Several of the monsters--notably Fin Fang Foom and the original creature named Hulk--returned to battle the heroes in later years.

DC featured science fictional monsters in their anthology titles too, but nothing as horrific as the Atlas stuff. House of Mystery, House of Secrets, My Greatest Adventure, Strange Adventures, Unexpected & Mystery in Space always had a creature or two and I would get each month's worth of them from a comics loving uncle in those days.

Unexpected and Mystery in Space frequently had monsters in the continuing features Adam Strange & Space Ranger. When Marvel started taking off, the anthology series started featuring continuing characters, Doom Patrol in My Greatest Adventure, Martian Manhunter in House of Mystery, Eclipso in House of Secrets. Lots of forgettable characters popped up quick and disappeared as quickly and the monsters were gone.

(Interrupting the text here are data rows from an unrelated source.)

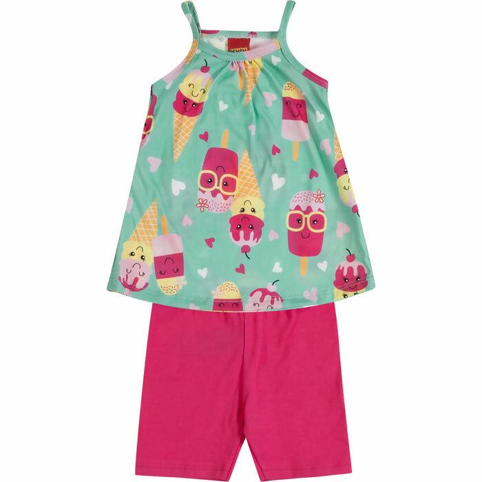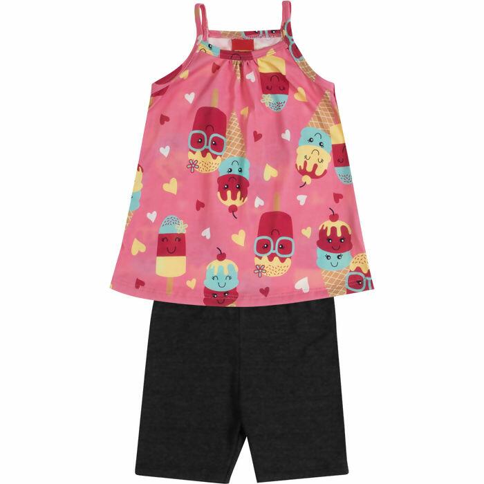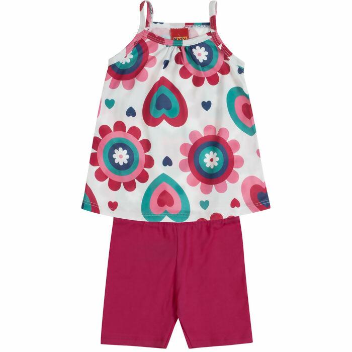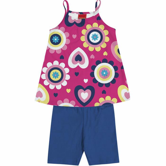 Kyly Primeiro Passos: conjunto feminino com regata em malha macia e ciclista em cotton, estampas variadas. Disponível do P ao G. Perfeito para lojistas que buscam peças versáteis e atraentes. Consulte nossa equipe de vendas.
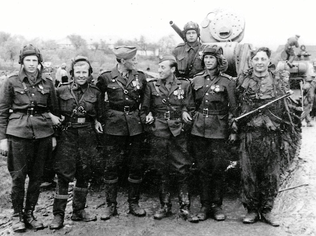 Tankisti 1. čs. sam. brigády v ZSSR vyznamenaní po bojoch o Kyjev Tesařík, Sochor a i.
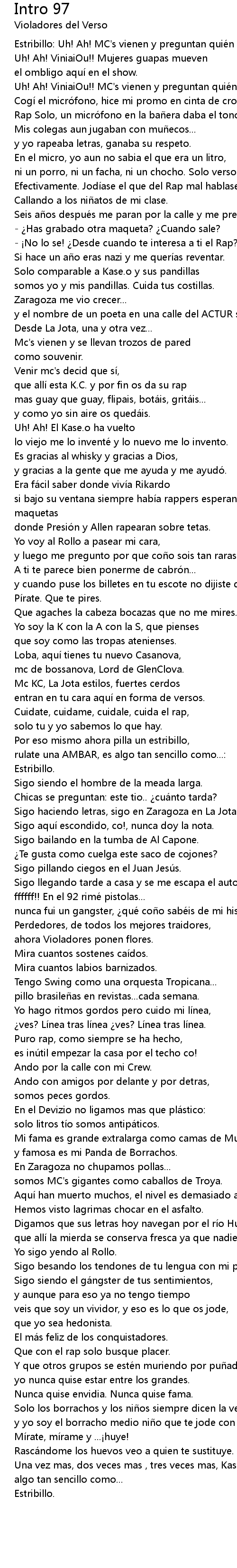 | Estribillo: Uh! Ah! MC's vienen y preguntan quién es Kase.O. | |
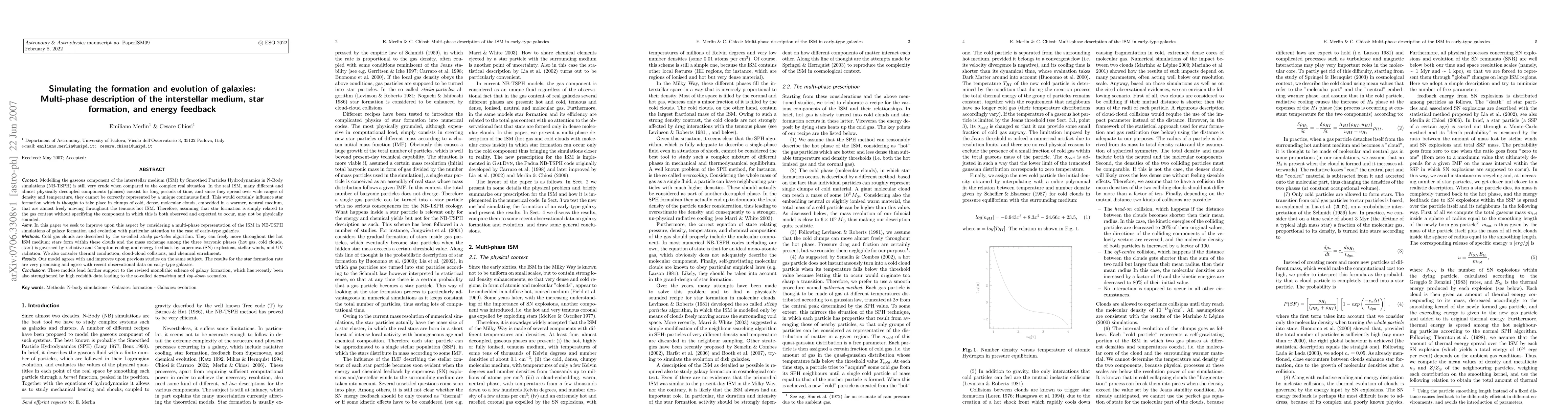 We present a multi-phase representation of the ISM in NB-TSPH simulations of galaxy formation and evolution with particular attention to the case of early-type galaxies. Cold gas clouds are described by the so-called sticky particles algorithm. They can freely move throughout the hot ISM medium; stars form within these clouds and the mass exchange among the three baryonic phases (hot gas, cold clouds, stars) is governed by radiative and Compton cooling and energy feedback by supernova (SN) explosions, stellar winds, and UV radiation. We also consider thermal conduction, cloud-cloud collisions, and chemical enrichment. Our model agrees with and improves upon previous studies on the same subject. The results for the star formation rate are very promising and agree with recent observational data on early-type galaxies. These models lend further support to the revised monolithic scheme of galaxy formation, which has recently been also strengthened by high redshift data leading to the so-called downsizing and top-down scenarios.
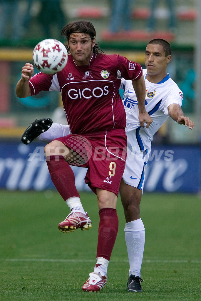【レッジョ・カラブリア/イタリア 7日 AFP】サッカー、イタリア・セリエA・第31節、レッジーナ(Reggina)vsインテル(Inter Milan)。試合はスコアレスドローに終わり、インテルのアウェーでの連勝は11で止まった。写真は、レッジーナのロランド・ビアンキ(Rolando Bianchi、左)にプレスをかけるインテルのイバン・コルドバ(Ivan Ramiro Cordoba)。(c)AFP/ANTONIO TACCONE
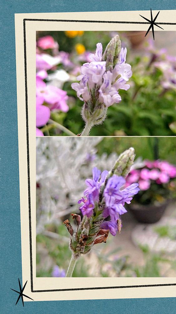 ① 寄せ植えの中のレースラベンダー2種🤍💜
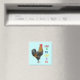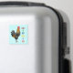 Photograph of colourful rooster with the words "Early to bed, early to rise" printed down side.
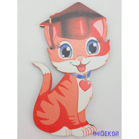 Vörös nagy cica tábla ballagó kalapban dekorációs kellék 1 kép

Over at lowly Charlton, they picked up the licenses for a couple of monsters featured in movies from England. Often they had Ditko art. Gorgo was a Godzilla knockoff--complete with parent monster and offspring. Konga was King Kong clone. Both series lasted a couple dozen issues plus specials and return of's--making them fairly long-lasting for Charlton and the only Charlton titles I bought regularly. They also did another Euro-monster--Reptilicus, but changed it quickly to Reptisaurus--a title that lasted less than ten issues.

Dell & Gold Key tried the monster route with various titles but their big success in that territory was fan favorite Turok, Son of Stone. Trapped in a lost valley, Turok and sidekick Andar fought 'honkers' for years before finally getting cancelled. If nothing else, you could count on Turok for a regular shot of cavemen and dinosaur action.

For a boy going through his dinosaur/monster phase in the 50s/60s, comics provided quite a thrill.